You need to send Content-Type headers.
For png:
header('Content-Type: image/png');
For others change png to jpg or gif or bmp or whatever.
Please note that header() function must be used before anything is written to output.
First, make sure you have your image image.png somewhere accessible to php.
Then create a php script image.php:
<?php
header('Content-Type: image/png');
readfile('image.png');
The script now acts like it was a PNG image.
It sounds like you know how to send the image, your issue is that you want the URL to look like it's a PNG image.
There are a couple of things you can do. First, if your web server supports URL rewriting (like Apache's mod_rewrite module), you can use a rewrite rule so that the user access the script as something like http://example.com/generated_image.png but your server will translate/rewrite this URL to point directly to your PHP script, so something like /var/www/image_generator.php.
Another option would be to actually name your script "generated_image.png" but force your webserver to treat it like a PHP script. For instance, in Apache you could try something like:
<Location /generated_image.png>
ForceType application/x-httpd-php
</Location>
As a final note, if you're not actually worried about the URL, but worried about the file name that is used if the user decides to save it to disk, you can simply use the Content-Disposition HTTP header in your response.
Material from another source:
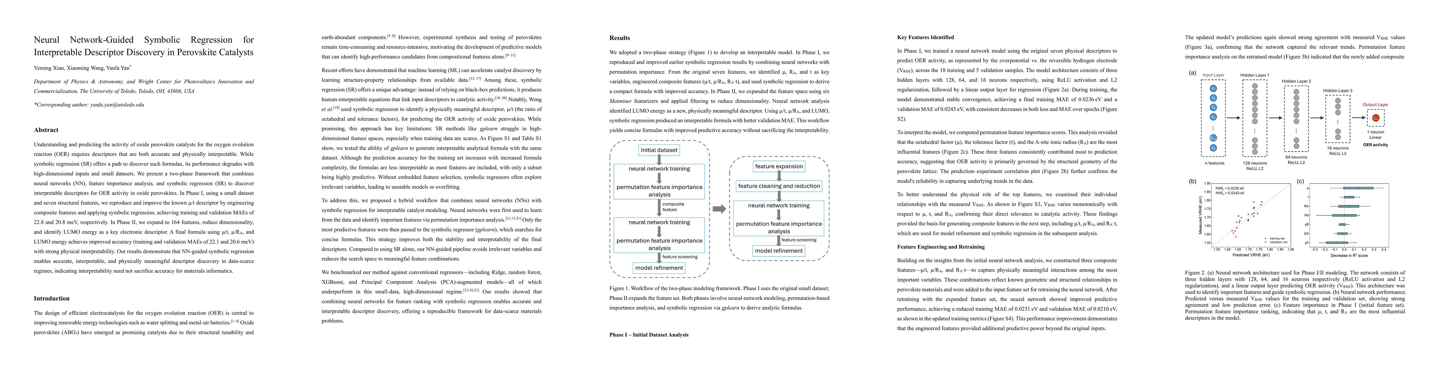 This research introduces a two-phase framework that combines neural networks, feature importance analysis, and symbolic regression to discover interpretable descriptors for OER activity in oxide perovskites. The method successfully reproduces and improves the known μ/t descriptor, identifies LUMO energy as a key electronic descriptor, and creates a final formula with enhanced accuracy and strong physical interpretability, demonstrating that interpretability and accuracy can coexist in materials informatics.

In PHP it would look something like this:
<?php
header("Content-Disposition: inline; filename="generated_image.png");
?>
With that, it doesn't matter what the URL is, if the user saves the image through their web browser, the web browser should offer "generated_image.png" as the default filename.
Simplest version I know...
<?php
header('Content-Type: image/png');
if(whatever)
{
$image=your_image_select_function();
}
// as suggested by sh1ftst0rm with correction of unmatched quotes.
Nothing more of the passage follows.